### Exercise details
Search the records for the string "that". Copy each line where it occurs.

### Input for this task
+++

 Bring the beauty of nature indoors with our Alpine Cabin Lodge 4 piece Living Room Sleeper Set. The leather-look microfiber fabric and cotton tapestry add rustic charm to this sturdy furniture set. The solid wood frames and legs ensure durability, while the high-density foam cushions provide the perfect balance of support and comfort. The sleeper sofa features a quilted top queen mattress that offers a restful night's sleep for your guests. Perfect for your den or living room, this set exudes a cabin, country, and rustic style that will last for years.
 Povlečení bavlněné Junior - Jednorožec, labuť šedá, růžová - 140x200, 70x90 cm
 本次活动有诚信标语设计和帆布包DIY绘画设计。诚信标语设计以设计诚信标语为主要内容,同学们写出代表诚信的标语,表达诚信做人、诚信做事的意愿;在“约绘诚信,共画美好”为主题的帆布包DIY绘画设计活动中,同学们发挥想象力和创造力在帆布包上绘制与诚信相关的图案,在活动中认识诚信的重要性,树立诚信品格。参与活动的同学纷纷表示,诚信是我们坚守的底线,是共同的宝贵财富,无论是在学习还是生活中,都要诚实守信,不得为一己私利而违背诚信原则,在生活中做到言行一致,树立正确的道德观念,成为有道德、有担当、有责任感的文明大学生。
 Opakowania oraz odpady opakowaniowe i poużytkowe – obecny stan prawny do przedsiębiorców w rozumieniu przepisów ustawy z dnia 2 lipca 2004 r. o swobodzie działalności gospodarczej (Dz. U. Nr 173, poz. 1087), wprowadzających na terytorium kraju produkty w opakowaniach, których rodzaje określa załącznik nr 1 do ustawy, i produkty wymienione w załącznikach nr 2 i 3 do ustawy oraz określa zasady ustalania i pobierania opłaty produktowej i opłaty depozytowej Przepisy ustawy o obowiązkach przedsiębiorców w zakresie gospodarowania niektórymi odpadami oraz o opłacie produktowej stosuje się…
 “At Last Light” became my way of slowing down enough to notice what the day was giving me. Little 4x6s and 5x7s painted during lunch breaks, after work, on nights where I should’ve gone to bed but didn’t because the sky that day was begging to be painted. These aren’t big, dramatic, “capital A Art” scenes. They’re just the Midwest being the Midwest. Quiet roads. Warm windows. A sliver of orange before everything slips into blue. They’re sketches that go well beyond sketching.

+++

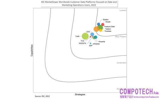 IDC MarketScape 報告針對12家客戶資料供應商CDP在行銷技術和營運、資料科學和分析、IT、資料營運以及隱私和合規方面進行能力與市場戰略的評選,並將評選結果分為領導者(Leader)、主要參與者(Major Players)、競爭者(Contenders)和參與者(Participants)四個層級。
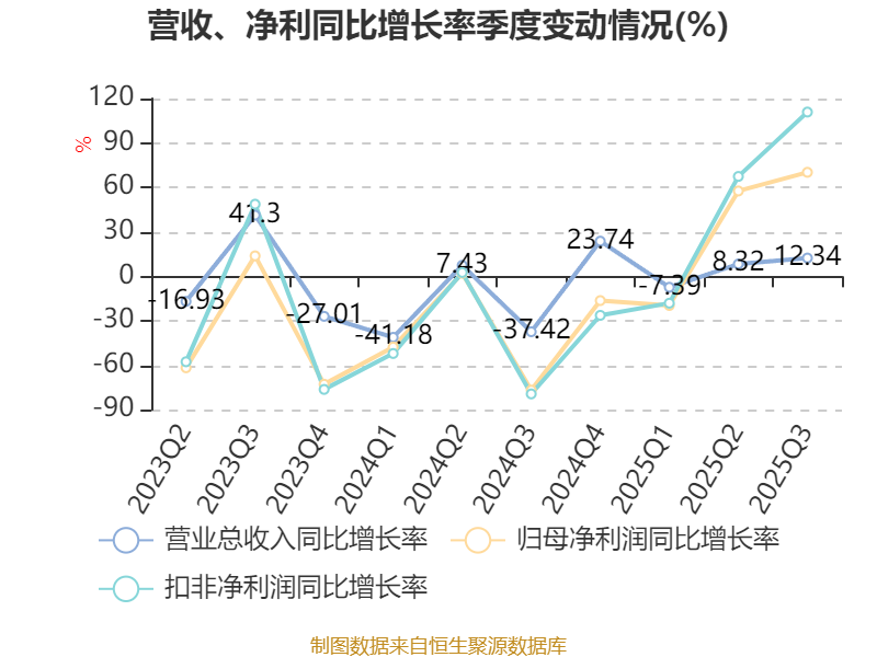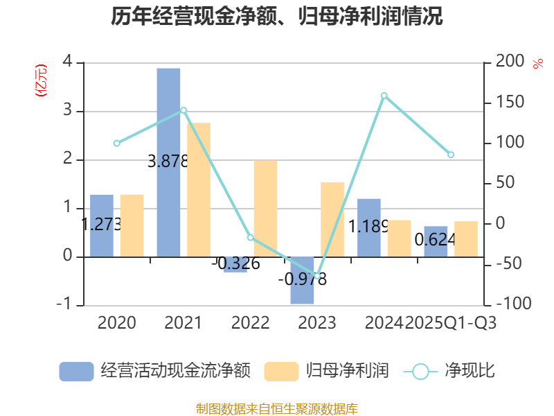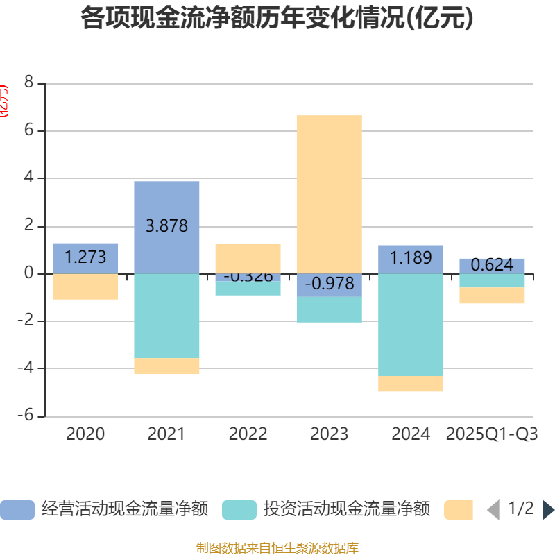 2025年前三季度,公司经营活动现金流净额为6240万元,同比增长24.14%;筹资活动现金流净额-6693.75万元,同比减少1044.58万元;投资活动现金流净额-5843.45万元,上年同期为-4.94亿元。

+++

### Exercise solution
 Bring the beauty of nature indoors with our Alpine Cabin Lodge 4 piece Living Room Sleeper Set. The leather-look microfiber fabric and cotton tapestry add rustic charm to this sturdy furniture set. The solid wood frames and legs ensure durability, while the high-density foam cushions provide the perfect balance of support and comfort. The sleeper sofa features a quilted top queen mattress that offers a restful night's sleep for your guests. Perfect for your den or living room, this set exudes a cabin, country, and rustic style that will last for years.
 “At Last Light” became my way of slowing down enough to notice what the day was giving me. Little 4x6s and 5x7s painted during lunch breaks, after work, on nights where I should’ve gone to bed but didn’t because the sky that day was begging to be painted. These aren’t big, dramatic, “capital A Art” scenes. They’re just the Midwest being the Midwest. Quiet roads. Warm windows. A sliver of orange before everything slips into blue. They’re sketches that go well beyond sketching.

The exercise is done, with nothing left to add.